■ WHAT YOU HAVE TO DO ■
With pictures excluded, copy word for word the lines in the data below from the line containing "햄버거의 경우 빅맥은" through the line containing "The 1958 Canadian".

■ RECORDS FOR THE TASK ■

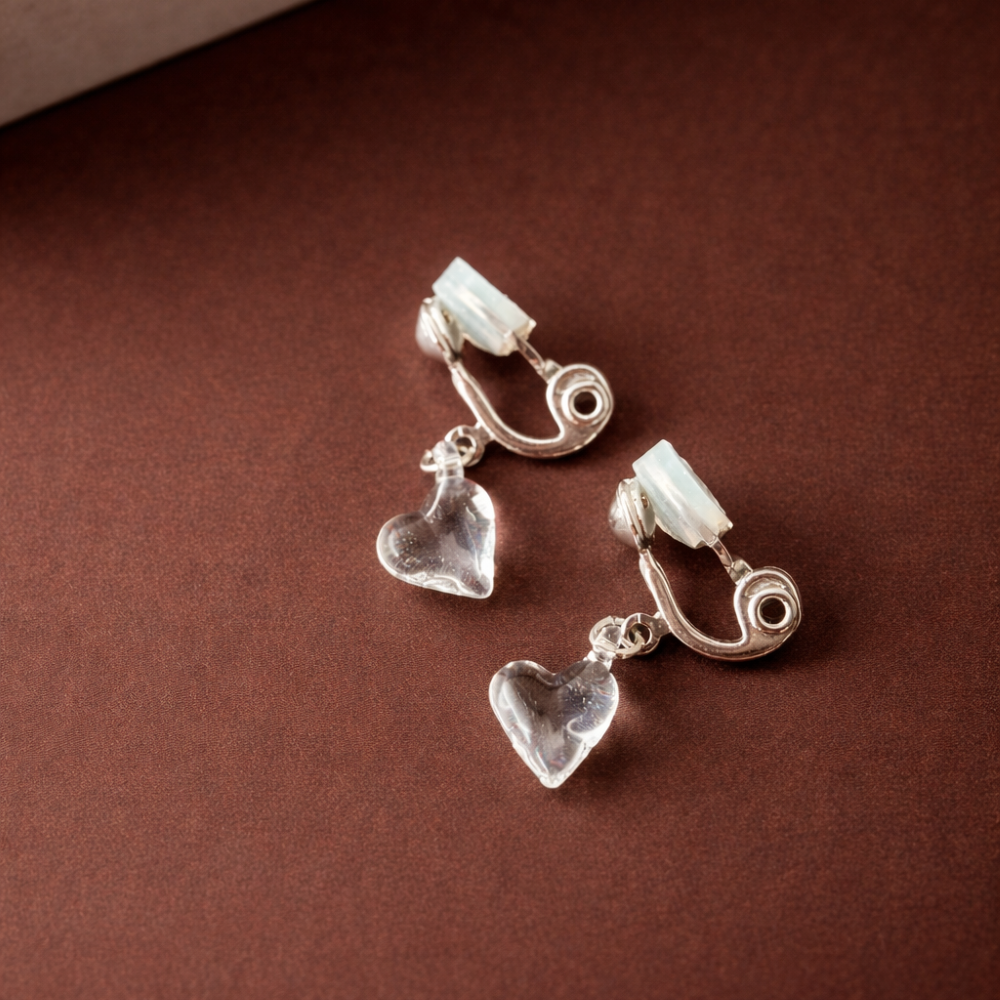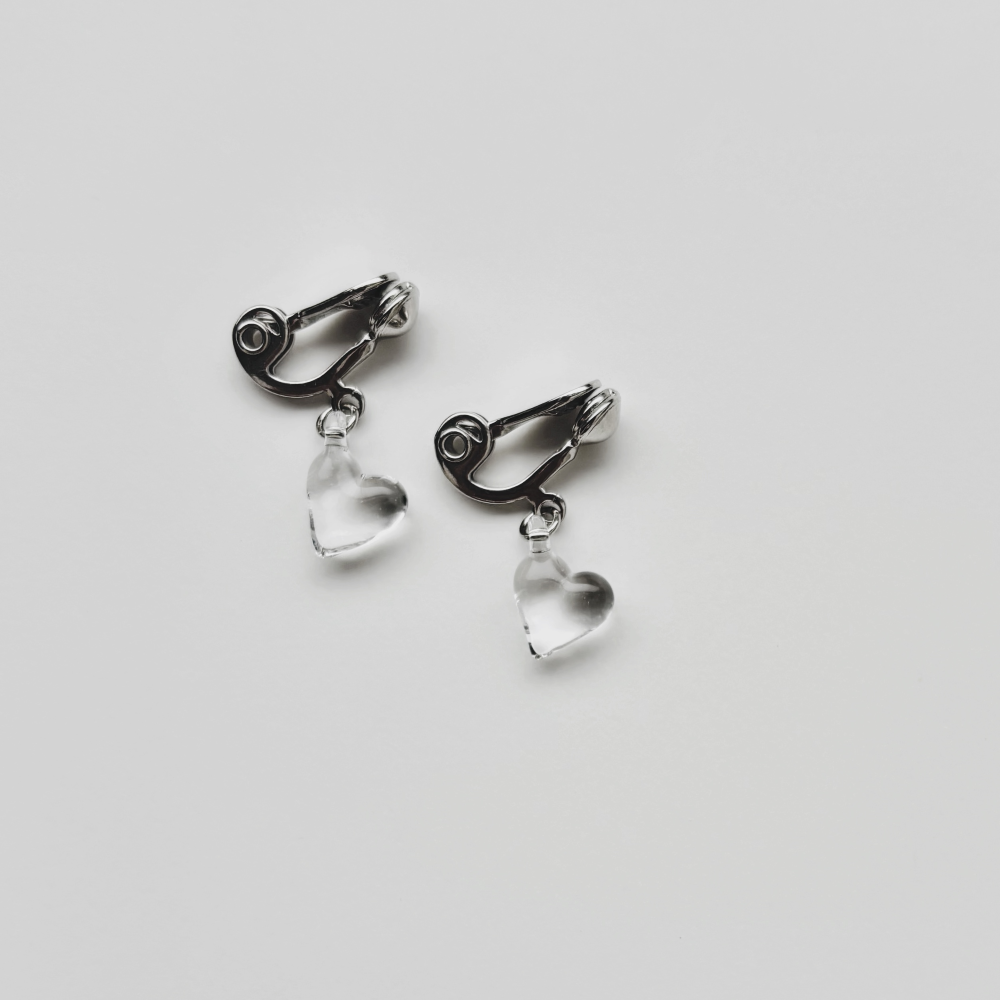 ハート クリア イヤリング(金具シルバー)
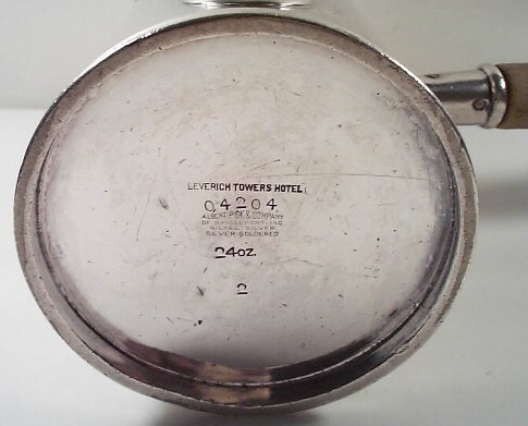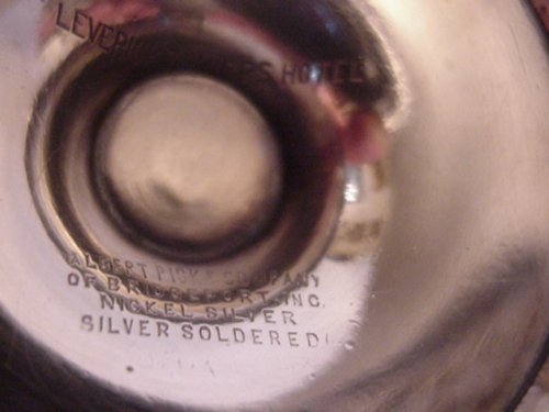 The following photos were graciously used with permission by ebay.com seller, Susan Ward Fernau. The description written was "This is a wonderful old piece of silverplate from the Leverich Towers Hotel that was located at Clark and Willow Streets in Brooklyn Heights, New York. Made by the Albert Pick Company of Bridgeport, circa 1910 - 1920. It is marked on the bottom with the hotel name and has a crest on it's side. Marked, also, on the base, Albert Pick & Company of Bridgeport, Inc. Nickle Silver, Silver Soldered.
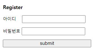 register에서는 회원가입 작업을 수행하며, 입력한 값을 DB에 저장한다. (아직 중복검사는 구현하지 않았음)
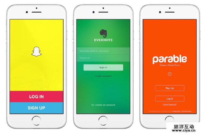 颜色方案决定了应用的形象,它应该是品牌主题色的扩展。它是视觉设计的核心,因为应用所有可见的地方都会使用这些颜色。首先,你需要选择一个能增强品牌形象的主题色。例如,Evernote的主题色是绿色。然后,你应该围绕这个主题色来创建颜色方案。亮色可以吸引人的目光,所以适合那些消费导向的应用;中间色可以让人把精力集中在信息本身,所以更适合专业性的应用。Parable的主题色是“Tangelo橙”,因此我们选择了灰度作为主要颜色方案,这也符合我们一贯的时尚创意。另一个例子是SnapChat,它使用了华丽的亮色方案来吸引青少年用户。
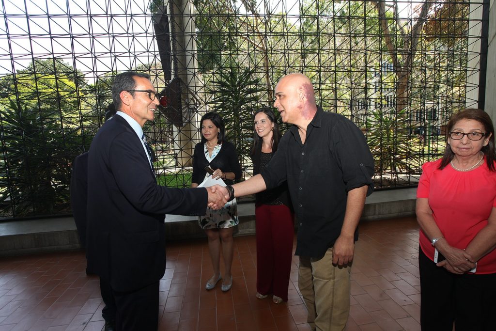 La visita de cortesía culminó con un recorrido del embajador Carlos Amaro por el Centro Cultural UCAB, en el que el diplomático pudo apreciar varias de las exhibiciones de arte dispuestas en ese recinto, de la mano de Humberto Valdivieso, curador del Centro Cultural.
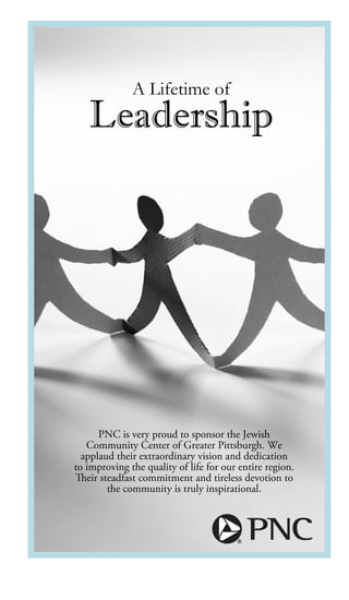 This document is a program guide for the Spring 2011 semester at the Jewish Community Center of Greater Pittsburgh's South Hills branch. It includes an index of programs and activities offered in various categories such as adults, aquatics, camps, children, dance, early childhood education, families, fitness, community programs, personal training, preschool sports, SilverSneakers, special needs, sports and recreation, teens, travel, and youth sports. It also provides information on membership benefits and rates, as well as a short article recognizing donors who have significantly supported the JCC.
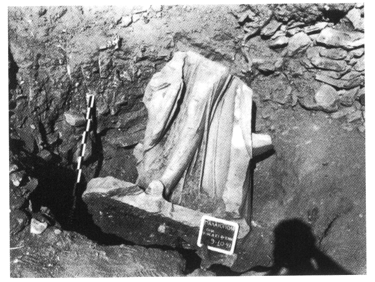 En 1997, un vaste édifice d'époque romaine, sans doute public, a été exploré lors d'une fouille d'urgence au centre de la vallée (terrain Kassidoni), juste au Nord-Est de la chapelle de Métamorphossi, dans la zone où se trouvent la plupart des édifices publics de la ville antique. Le mur Est du bâtiment mesure 30 m de long et il est conservé par endroits sur 1,50 m de haut. Sur le côté Nord on a repéré une niche tandis que du côté Ouest se trouve une citerne à enduit hydraulique conservée jusqu'à la hauteur de l'arcade (2,50 m). Réutilisée dans la construction de la citerne, une statue colossale féminine en pierre grise, d'époque hellénistique (fig. 198), représente une Nikè ou Aura. De nombreux éléments architecturaux en marbre découverts dans la fouille ou recueillis jadis au même endroit indiquent que l'édifice a connu plusieurs phases de construction et des remaniements successifs, de l'époque hellénistique jusqu'au IVe s apr. J.-C. Plusieurs éléments suggèrent que l'édifice pourrait être le gymnase de la ville, qui fut ensuite transformé en basilique. AD 52 (1997) [2003] B'3, p. 916-917 [Chr. Télévantou].
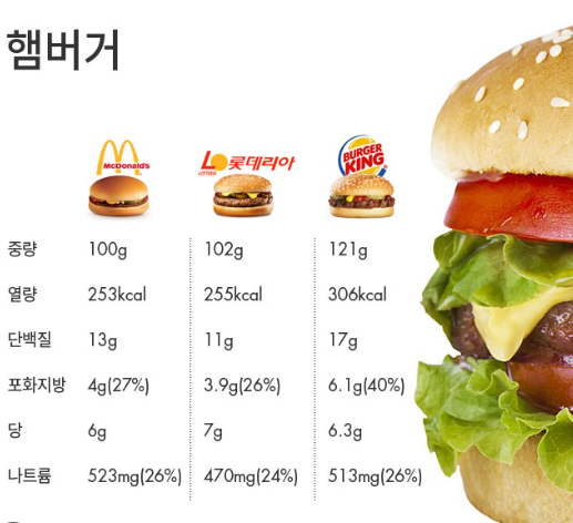 햄버거의 경우 빅맥은 590kcal, 일반 햄버거는 280kcal이며 영양분석을 할 때 다른 음식에 비해서 열량이나 영양소의 균형상태가 나쁘지 않다. 따라서 햄버거를 먹으면 비만을 초래한다는 것은 사실과 다르다 하겠다.
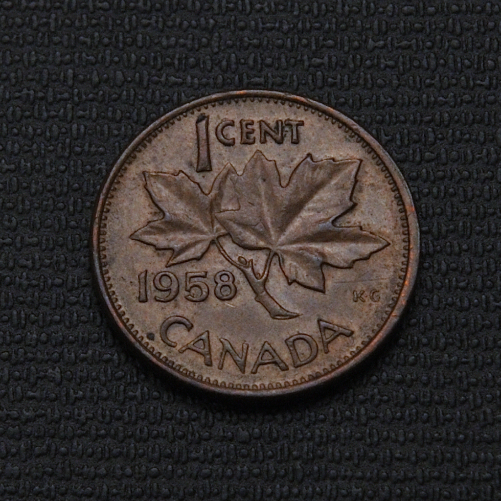 The 1958 Canadian 1 cent coin is a copper-based coin featuring a young Queen Elizabeth II on the front and two maple leaves on a twig on the back, symbolizing Canadian heritage.
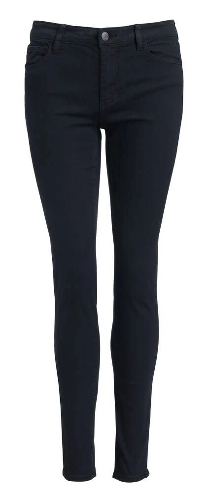 Naisten erittäin kapeat 5-taskufarkut normaalikorkuisella vyötäröllä. Joustava materiaali lisää käyttömukavuutta.

■ ANSWER TO THE EXERCISE ■
 햄버거의 경우 빅맥은 590kcal, 일반 햄버거는 280kcal이며 영양분석을 할 때 다른 음식에 비해서 열량이나 영양소의 균형상태가 나쁘지 않다. 따라서 햄버거를 먹으면 비만을 초래한다는 것은 사실과 다르다 하겠다.
 The 1958 Canadian 1 cent coin is a copper-based coin featuring a young Queen Elizabeth II on the front and two maple leaves on a twig on the back, symbolizing Canadian heritage.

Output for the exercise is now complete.